Thesis and Abstract

Multilateral Privacy Requirements Analysis in Online Social Networks

Promotors:

Prof. Dr. Bettina Berendt
Prof. Dr. ir. Bart Preneel

Jury:

Prof. Dr. ir. Paul Sas (president)
Prof. Dr. Bettina Berendt
Prof. Dr. ir. Bart Preneel
Prof. Dr. Serge Gutwirth
Prof. Dr. ir. Frank Piessens
Prof. Dr. Dave Clarke
Dr. ir. Claudia Diaz
Dr. habil. Thomas Santen

Abstract:

The massive collection, processing and dissemination of information in communication networks and the resulting surveillance practices of governments, companies, or even individuals, have led to privacy concerns regarding potential individual and societal harms. These concerns with respect to informational privacy have been echoed in computer science, legal studies and surveillance studies. While computer scientists have developed privacy solutions, legal studies and surveillance studies researchers have proposed privacy notions for information and communication technologies. The objective of this thesis is to provide a set of concepts to reconcile these privacy notions and solutions -- that are often abstracted away from a specific social context -- and their interpretation in a given social context by different stakeholders (multilaterality) during requirements engineering.

Requirements engineering is a sub-phase of software engineering during which the desired behavior of the system-to-be in a given environment is defined. In this thesis, in order to address the problem of engineering privacy requirements, we break it down into three parts: the privacy requirements definition problem, the privacy requirements analysis problem and the privacy requirements elicitation problem.

In addressing the privacy requirements definition problem, we start with the assumption that privacy, as a legal concept, is contextual, relational and non-absolute. We analyze aspects of different privacy notions that have to be considered when defining what privacy requirements are. We use our analysis to show that existing requirements engineering concepts are not appropriate with respect to the subjectivity, relationality and temporality of notions of privacy. We further discuss the privacy notions underlying privacy solutions and based on their differences categorize them under three privacy research paradigms: the privacy as confidentiality, privacy as control, and privacy as practice paradigms. We conclude that different privacy notions and privacy solutions from all three privacy research paradigms should be considered during privacy requirements engineering.

Next, we define a privacy requirements ontology, a set of concepts for requirements engineers to relate stakeholder privacy concerns with respect to a system-to-be, to well-defined and quantifiable properties of the system-to-be during privacy requirements analysis. Specifically, we introduce the concepts privacy concerns, privacy goals and privacy constraints, and define the relationships between them. Based on these concepts we re-define the privacy requirements engineering problem.
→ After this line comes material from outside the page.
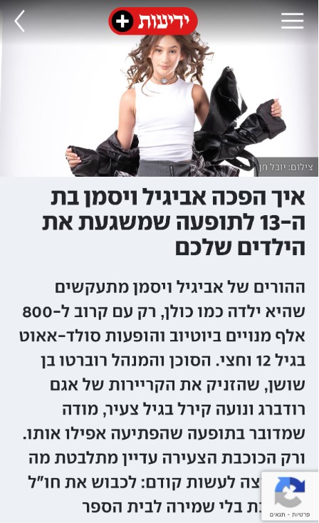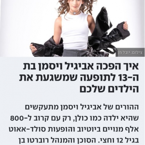 הזמרת וכוכבת הרשת אביגיל ויסמן היא התופעה החדשה והחמה ביותר בקרב הדור הצעיר. בתוך פחות משנה בלבד פרצה עם שורת להיטים מטורפת שהפכו אותה לאחת הדמויות המזוהות, האהובות והמצוטטות לילדים בישראל.

Finally, we apply our ontology to online Social Network Services (SNS). In order to gather stakeholder privacy viewpoints, we propose the extension of the coherence method for viewpoints analysis with elements of the privacy requirements ontology. Further, we evaluate the potentials and limitations of existing requirements elicitation techniques for eliciting privacy concerns and propose a novel technique. We show how our approach can alleviate the challenges of eliciting privacy concerns in web-based wide-user audience systems like SNS. We elicit stakeholder and privacy concern viewpoints and focus on one of the privacy concern viewpoints: unforeseeable visibility. We then execute a multilateral privacy requirements analysis of SNS design elements that facilitate the unforeseeable visibility concern. We conclude with an evaluation of the privacy requirements ontology concepts and outlook into future research.